Monday, December 29, 2008

Weekend notebook

*From where I sit, Eric Mangini wasn't that smart six weeks ago when New York fans had the Jets heading for a Super Bowl game against the Giants, and he wasn't that dumb after his team completed a late-season collapse yesterday and missed the playoffs. Mangini certainly wasn't an animated sort on the sidelines, which you might say meant his players lacked fire as a result. But he's never been animated, yet after his successful first season, he was called Man-genius. Sure, Mangini and his assistants weren't blameless for this season's bad finish. But, again, from where I sit, the difference between the team that started 8-3 and ended 1-4 was the horrible play of his Hall of Fame quarterback, not the coach.

*Our paper made a careless mistake the other day regarding something submitted by a local politician. It wasn't earth-shattering in its importance, but it was a bad error nonetheless, and it passed through two hands without being spotted, so it shouldn't have occurred. That said, it was a mistake, human error, nothing more, nothing less. Unfortunately, the politician's first instinct was that it was deliberate on the newspaper's part.

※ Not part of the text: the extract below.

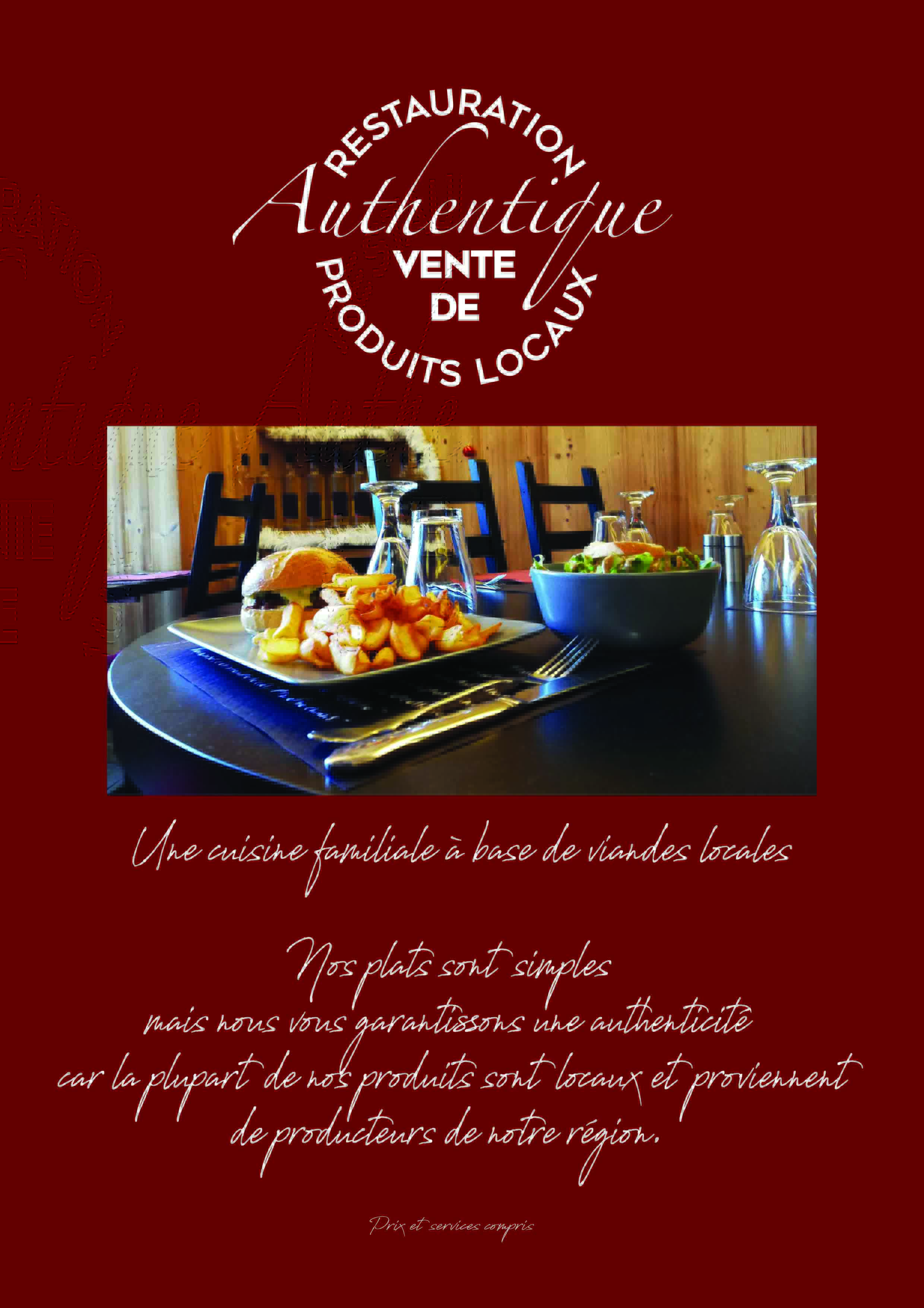 Lieu très agréable. Très propre. Service rapide, et personnel sympathique. Burgers et viandes avec produits locaux de qualité. Sauce aux champignons champi (cueillis par le propriétaire en saison) excellente. Ne pas hésiter à s'arrêter dans ce restaurant l'authentique, qui porte bien son nom.

I hope I've convinced him otherwise in private correspondence. But he wasn't the first - and probably won't be the last - to incorrectly assert that the newspaper had ulterior motives to make him look bad. I used to talk about this with my longtime former colleague Hugh Reynolds. It was Hugh's take that politicians see backroom machinations where they don't exist because that's their frame of reference from the political universe where they do exist. I think he's on to something.

*Our Christmas Day movie experience was in Albany this year. First time I'd been to the Spectrum, a neighborhood theater that reminded me of Rhinebeck's Upstate Films, only larger. We wanted to see "The Reader" and it wasn't on any local screen. My recommendation on the movie: See it. My recommendation on the theater: Try it, you'll like it (and it's not all that far away). I'd be remiss if I didn't urge you to patronize your local movie houses. But if the Spectrum has something you can't find in the Hudson Valley and/or you're spending a day in Albany, you'll enjoy the experience. The Spectrum is at 290 Delaware Ave., a mile or so from Thruway Interchange 23.

*Also part of the weekend was dinner at Cucina Restaurant in Woodstock, right across Route 212 from the golf club. The place was packed, the food was good, the atmosphere was lively.

*My wife has been belatedly catching up to the TV series "House." It's a medical drama for which the star has won numerous awards. I've caught bits and pieces and found the lead actor to play as obnoxious a character as there is on TV (if you don't count comic Larry David, whose character I like).